Source material:
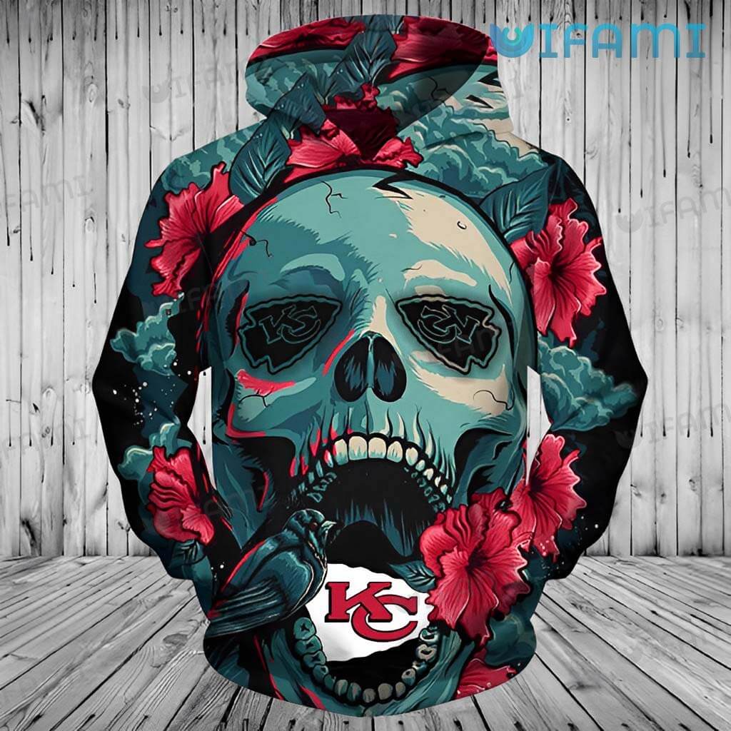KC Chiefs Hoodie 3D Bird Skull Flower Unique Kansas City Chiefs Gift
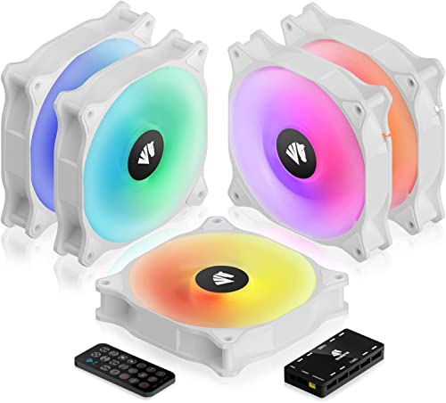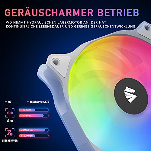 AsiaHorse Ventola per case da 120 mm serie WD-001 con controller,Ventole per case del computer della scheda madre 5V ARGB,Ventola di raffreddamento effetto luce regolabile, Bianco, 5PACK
---
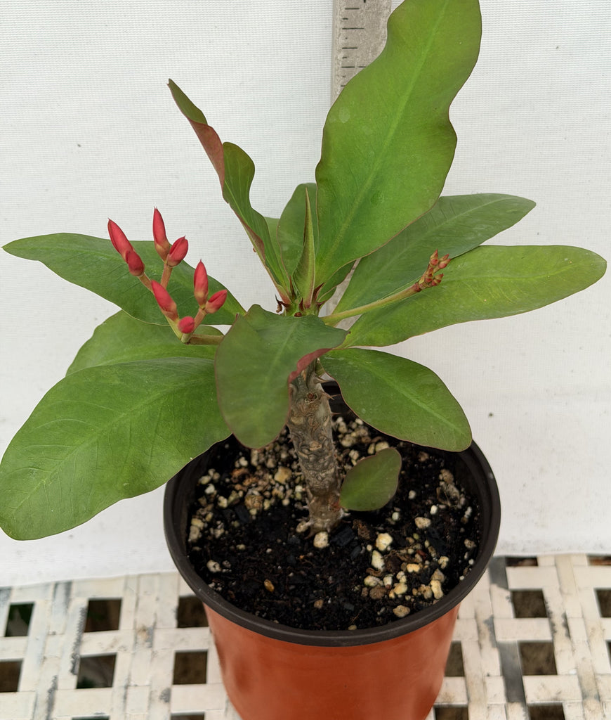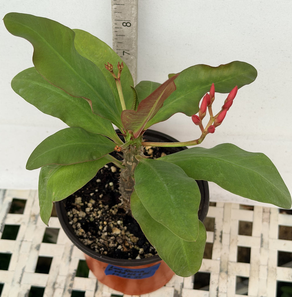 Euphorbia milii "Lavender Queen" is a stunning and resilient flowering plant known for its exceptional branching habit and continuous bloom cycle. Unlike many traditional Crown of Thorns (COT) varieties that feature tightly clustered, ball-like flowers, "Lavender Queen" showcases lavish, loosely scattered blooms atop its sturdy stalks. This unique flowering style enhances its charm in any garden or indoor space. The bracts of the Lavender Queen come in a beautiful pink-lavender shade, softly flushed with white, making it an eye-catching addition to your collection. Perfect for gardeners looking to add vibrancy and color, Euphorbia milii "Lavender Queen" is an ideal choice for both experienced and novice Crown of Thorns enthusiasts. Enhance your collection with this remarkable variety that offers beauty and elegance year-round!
--
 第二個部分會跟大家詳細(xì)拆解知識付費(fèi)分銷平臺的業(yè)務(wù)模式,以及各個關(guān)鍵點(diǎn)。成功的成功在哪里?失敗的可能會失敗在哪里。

Brief:
In the material above, which lines fall between the one holding "KC Chiefs Hoodie" and the one holding "AsiaHorse Ventola per", inclusive? Print exactly those, with the pictures left out.

Output for this task:
KC Chiefs Hoodie 3D Bird Skull Flower Unique Kansas City Chiefs Gift
 AsiaHorse Ventola per case da 120 mm serie WD-001 con controller,Ventole per case del computer della scheda madre 5V ARGB,Ventola di raffreddamento effetto luce regolabile, Bianco, 5PACK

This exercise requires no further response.